Kedua-duanya harus mempunyai hak yang sama dalam kehidupan bermasyarakat sesuai
dengan tuntutan dari wanita itu sendiri untuk beremansipasi. Dan hak itu tidak
terkecuali walaupun dalam hubungan seks, para istri juga harus diberi
kesempatan yang sama seperti para suami. Para istri juga harus dapat memilih
kehendaknya, apakah sewaktu-waktu dia ingin minum 'kopinya' saja, atau
'susunya' saja, atau 'kopi susunya'. Masalahnya sekarang, bagaimana mewujudkan
hal itu. Kalau dilakukan oleh para suami atau para istri itu secara
sendiri-sendiri, maka akan menjadi kacau dan malahan tujuannya mungkin tidak
akan tercapai. Oleh karena itu perlu diusahakan secara terorganisir. Yang
paling gampang ya, dalam bentuk kegiatan arisan seperti ini", kata
suamiku.
"Iya Mbak, siapa tahu akhirnya para istri juga akan dapat menikmatinya..,
eh malahan jangan-jangan jadi lebih doyan!" kata Priyono menimpali
komentar suamiku.
"Ah, kau kayak bensin
saja.., langsung nyamber!" kataku.
"Kalau begitu bukankah hal
itu juga merupakan suatu penyelewengan dalam perkawinan?" tiba-tiba kata
istri Priyono berkomentar.
"Tentu saja bukan..! Karena
apa definisi menyeleweng itu? Seseorang itu dikatakan menyeleweng apabila dia
melakukan hal di luar pengetahuan pasangannya. Atau dengan kata lain dia
melakukan itu secara sembunyi-sembunyi sehingga pasangannya tidak tahu dan
tidak pernah menyetujuinya. Berlainan dengan kegiatan ini. Semuanya terbuka dan
melalui persetujuan bersama antara kedua pasangan suami-istri itu", jawab
suamiku.
Pada akhirnya setelah menjalani debat yang panjang dalam forum resmi maupun
tidak resmi, aku dan istri Priyono mengalah. Resolusi para suami itu kami
terima dengan catatan kami ikut dalam kegiatan club ini semata-mata hanya untuk
sekedar ingin tahu saja dan tidak ada tujuan lain yang lebih dari itu. Selain
daripada itu kami mengalah untuk membuat hati para suami senang. Oleh karena
itulah malam ini akhirnya aku berada di tempat ini.

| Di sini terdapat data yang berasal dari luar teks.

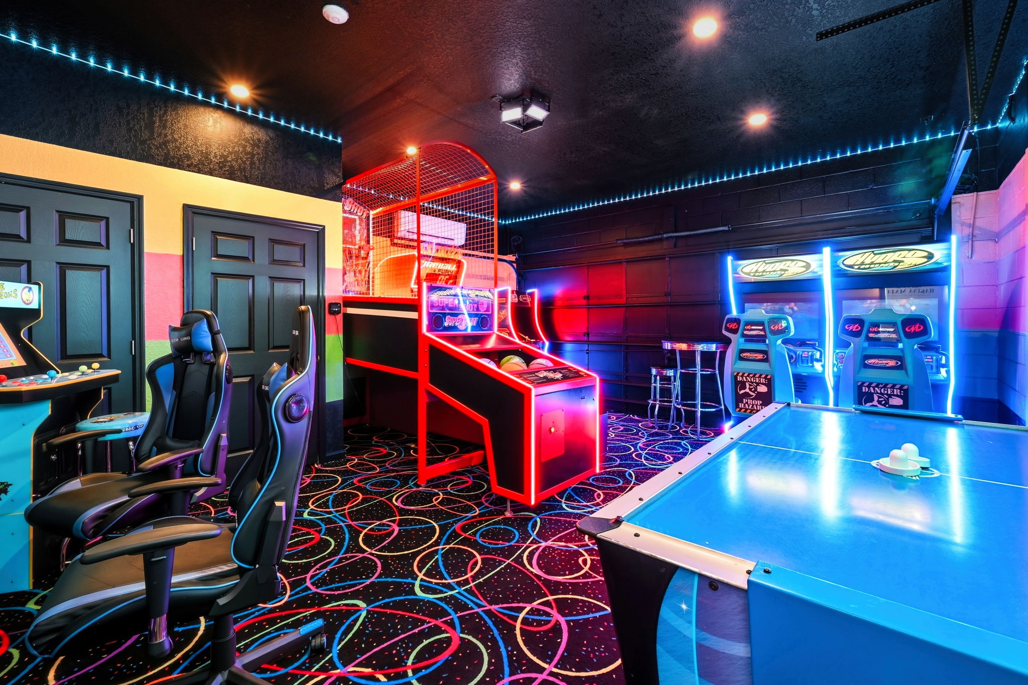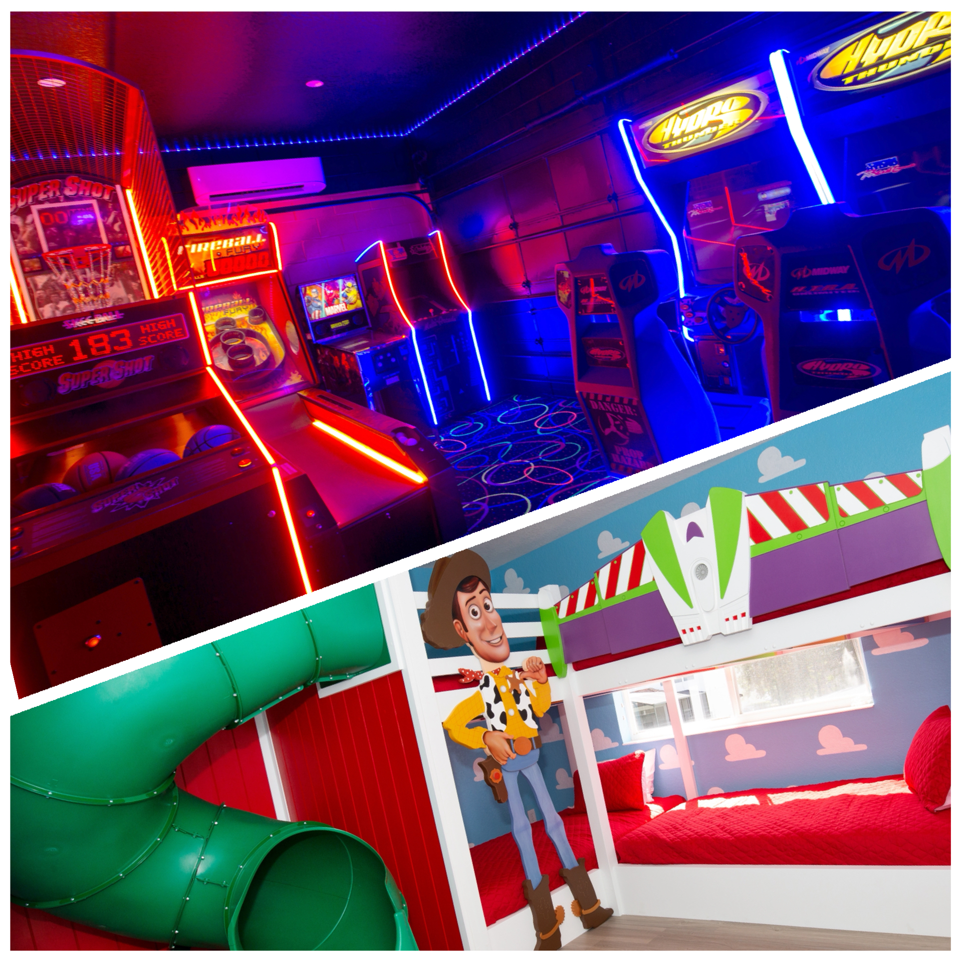 The Marvel themed game room has it all! The Multicade offers 60 arcade classics such as Mrs. Pac-Man, Galaga, and Donkey Kong for fun for the whole family. Looking for something modern? We’ve got an next generation XBOX Series X and a PlayStation 4 hooked up to a 55” TV with 2x gaming chairs! Bring your own games discs to use or log in with your personal account to download games and play online. Try your hand at our 2x sit-down racers, Hydro Thunder which offer head-to-head arcade action for 2 players! We also have a commercial grade air hockey and foosball table, 4-player Simpsons the Arcade game and digital Marvel pinball (10 Games)! You won’t want to leave!

Aku mengenakan gaun dari bahan satin yang agak tipis yang agak ketat melekat di
tubuhku. Aku mengenakan gaun ini adalah juga atas anjuran suamiku. Suamiku
berkata bahwa aku sangat menarik apabila mengenakan pakaian yang agak ketat dan
terbuka. Aku kira pendapat suamiku benar, karena dengan memakai gaun ini aku
lihat bentuk tubuhku jadi semakin nyata lekak-lekuknya. Apalagi dengan model
potongan dada yang agak rendah membuat pangkal buah dadaku yang putih bersih
kelihatan agak tersembul keluar membentuk dua buah bukit lembut yang indah.
Tidak berapa lama kami berdiri di depan pintu, seseorang membuka pintu dan
langsung menyalami kami.
"Selamat datang dan selamat
malam", katanya langsung sambil menyalami kami.
"Perkenalkan saya Djodi,
tuan rumah di sini, dan ini istriku.., panggil saja Siska!" katanya
langsung memperkenalkan seorang wanita yang tiba-tiba muncul. Dandanannya agak
menor untuk menutupi kerut wajahnya yang sudah dimakan usia. Tapi secara
keseluruhan bentuk tubuhnya masih boleh jugalah. Buah dadanya subur walaupun
perutnya kelihatan agak gendut. Kelihatannya dia itu seorang keturunan Cina.
Selanjutnya kami dipersilakan masuk ke dalam ruangan tamu.
Suasana dalam ruangan itu
kudapati biasa-biasa saja. Di sudut-sudut ruangan terdapat makanan kecil dan
buah-buahan. Di sudut lainnya ada sebuah bar yang kelihatan lengkap sekali
jenis minumannya. Sementara itu suara iringan musik terdengar samar-samar
mengalun dengan lembut dari ruang tamu yang besar. Yang membedakannya adalah
para tamunya. Kelihatannya tidak begitu banyak, kuhitung hanya ada belasan
orang dan wanitanya semua berdandan secantik mungkin dengan pakaian yang lebih
seksi daripada yang kukenakan. Demikian juga aku tidak melihat seorang pelayan
pun atau petugas catering yang biasanya mengurusi konsumsi dalam pesta-pesta
yang diadakan di rumah-rumah mewah seperti ini.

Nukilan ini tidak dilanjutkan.